● THE TASK:
Pictures appear among the records below and must be omitted. Repeat exactly the lines from the line with "Harga Dompet Koin" to the line with "Как итог - пациентка", both included.
** Opening INPUT RECORDS block **
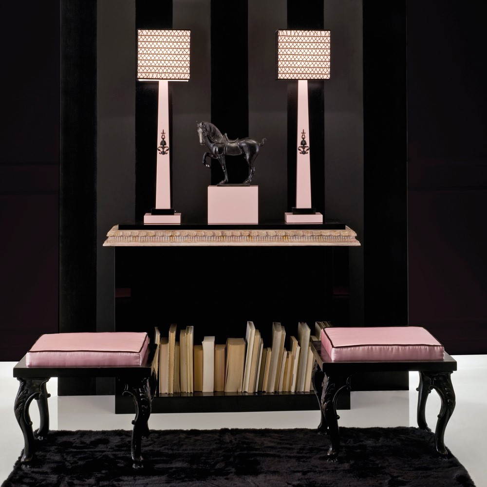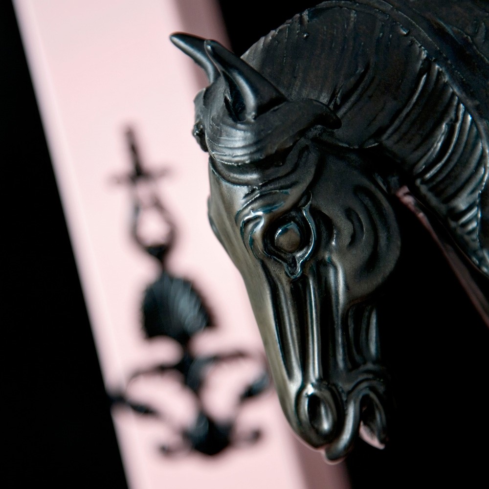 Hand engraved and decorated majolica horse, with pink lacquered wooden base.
** Closing INPUT RECORDS block **
** Opening INPUT RECORDS block **
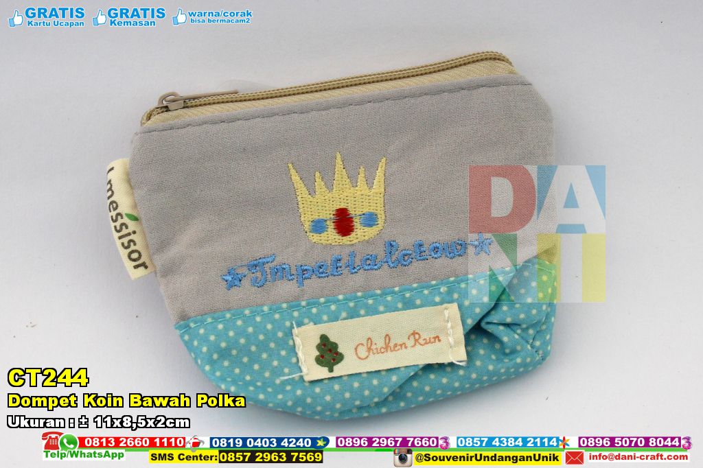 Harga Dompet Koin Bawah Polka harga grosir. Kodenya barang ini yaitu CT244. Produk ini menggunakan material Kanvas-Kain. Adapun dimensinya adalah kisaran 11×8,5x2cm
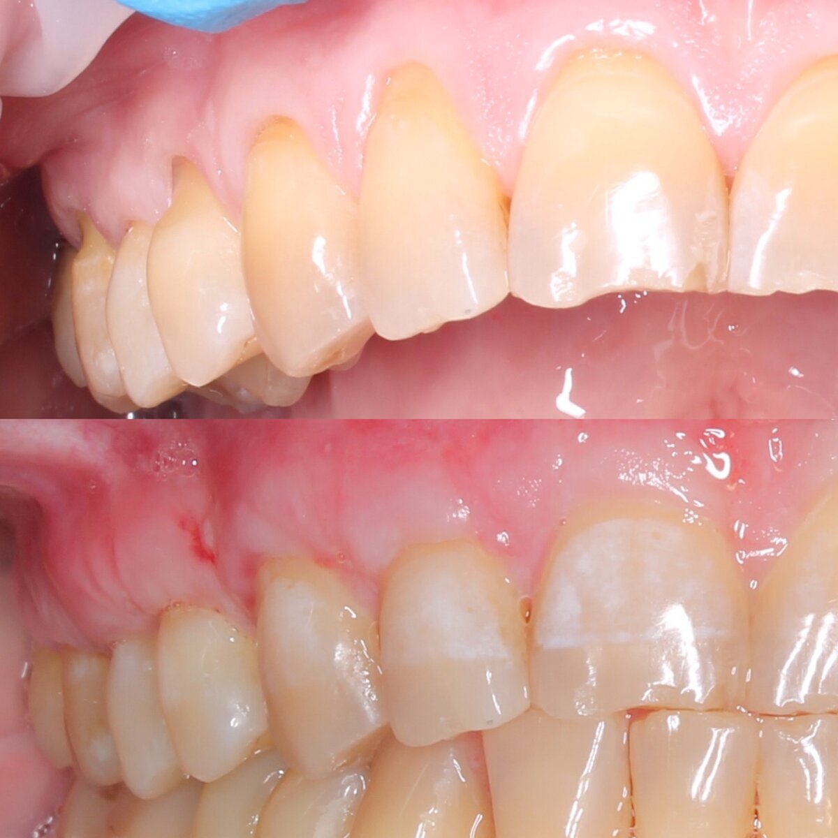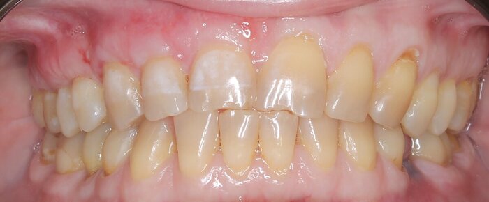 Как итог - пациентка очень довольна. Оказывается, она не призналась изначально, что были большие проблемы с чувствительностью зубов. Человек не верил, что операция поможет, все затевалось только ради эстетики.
** Closing INPUT RECORDS block **
● SOLUTION BELOW:
 Harga Dompet Koin Bawah Polka harga grosir. Kodenya barang ini yaitu CT244. Produk ini menggunakan material Kanvas-Kain. Adapun dimensinya adalah kisaran 11×8,5x2cm
 Как итог - пациентка очень довольна. Оказывается, она не призналась изначально, что были большие проблемы с чувствительностью зубов. Человек не верил, что операция поможет, все затевалось только ради эстетики.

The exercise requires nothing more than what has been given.